Ultimately, Carpathia is resurrected and regains control following a battle between Heaven and Earth.
The basis for the string of apocalyptic plot twists is Dispensationalism, an offshoot of Evangelical Protestant theology followed by many Evangelical Christians, including Jenkins and LaHaye. They believe the Rapture will be followed by a Tribulation, a seven-year period that will be ruled by the Antichrist before it is ended by an Apocalypse and the Second Coming of Christ.
Evangelicals such as Jenkins, 50, and LaHaye, 74, believe that the reoccupation of Israel by Jews must occur before the Second Coming can take place and that the founding of Israel in 1948 fulfills the prophecy.
Dispensationalists have held this view of biblical prophecies since the early 19th century, and Jenkins and LaHaye are among those who say their interpretation of the Book of Revelation is literal. The authors, however, are not comfortable being called fundamentalists, according to their spokeswoman.
Thousands who believe in the Doomsday depictions of Jenkins and LaHaye post messages daily at the Left Behind Web site, proclaiming their devotion to the authors' books. But Garrett said she believes that devotees of the authors' ideology are only partially behind the series' phenomenal success.
''The biggest thing to me is that a lot of the people buying the books are not Evangelical Christians and may not even understand the theology behind them,'' Garrett said. ''Most people just find them a ripping yarn, a good story.''
The books were written with mainstream appeal in mind, Jenkins said.
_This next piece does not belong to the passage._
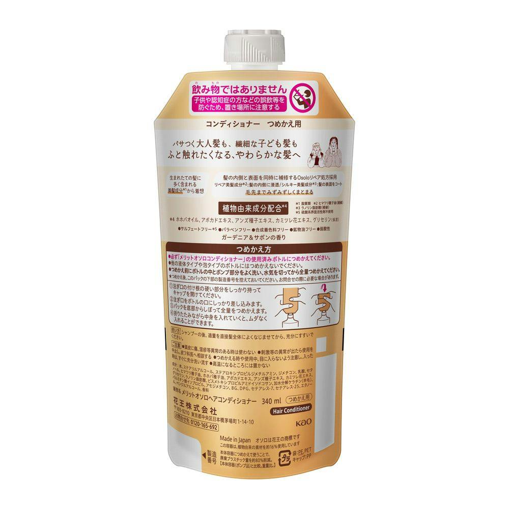 ●必ず「メリットオソロコンディショナー」の使用済みボトルにつめかえてください。●他の液体タイプや泡タイプのボトルにはつめかえないでください。●つめかえ前にボトルの中とポンプ部分をよく洗い、水気を切ってから全量つえかえてください。など

''This is our message. But it has to work as fiction,'' he said. ''We believe (the Tribulation scenario) to be true and that it will happen someday. But if it looks like preaching or teaching, it would not work.''
Whatever the perception, the Left Behind series has been a source of spiritual awakening for some fans.
Linda Nehmer, a 50-year-old employee of a Milwaukee-based managed-care company, considers herself a Christian, but she doesn't believe that biblical proof of a Second Coming exists. Even so, she said, the series ''has gotten me to pray more -- just in case.
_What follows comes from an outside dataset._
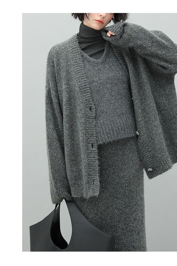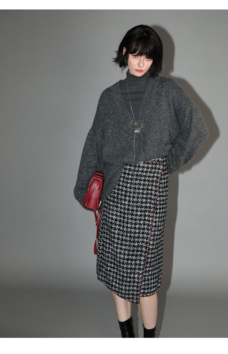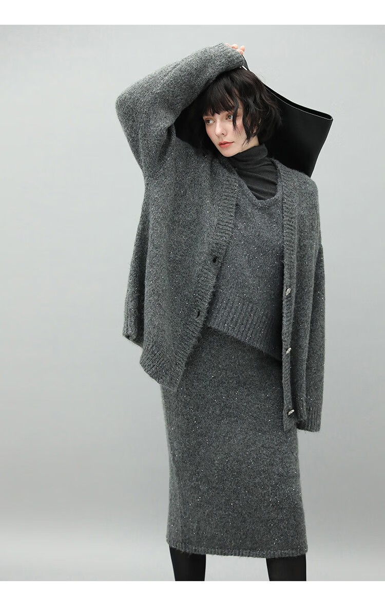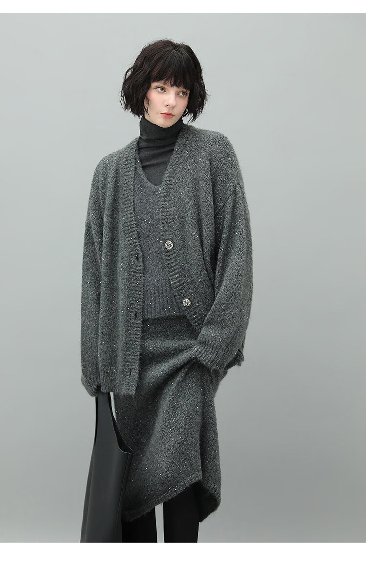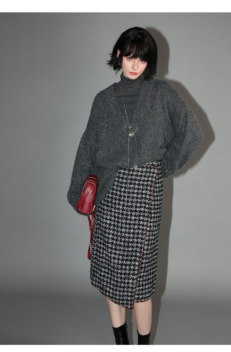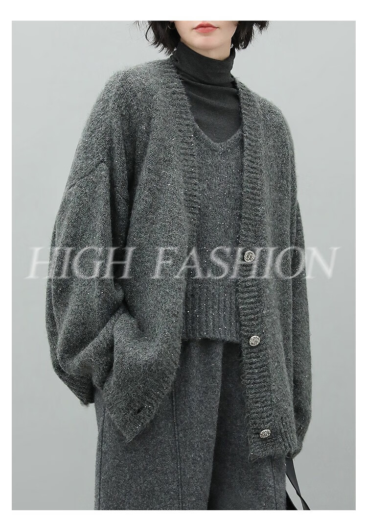 COCOBELLA细闪亮片加厚针织外套女秋冬蓬松软糯开衫毛衣MZ189

''I think the reason why I stay with it is the cliffhangers at the end of each book,'' Nehmer added. ''Jerry and Tim seem to grab you and keep you there. I have to keep telling myself that this is fiction.''
Although some have attributed the Left Behind success to end-times concerns tied to the new millennium, Jenkins is quick to point out that most successful installment was released after Jan. 1.
''Besides, there is nothing in the books that says something about the year 2000,'' Jenkins said. ''Jesus told his disciples that even he didn't know when he was going to come back.''
Mark Noll, a professor at Wheaton College who specializes in the history of Christianity in North America, said the Apocalypse and its attendant messages have compelling appeal to many people. ''I think people in this age and every other age want some understanding in an eternal sense of what's happening now and in a sense, these books will do that for people,'' Noll said.
The publisher, Tyndale House of Carol Stream, Ill., plans to add more fuel to the ''Left Behind'' mania with the release of ''The Mark'' in November.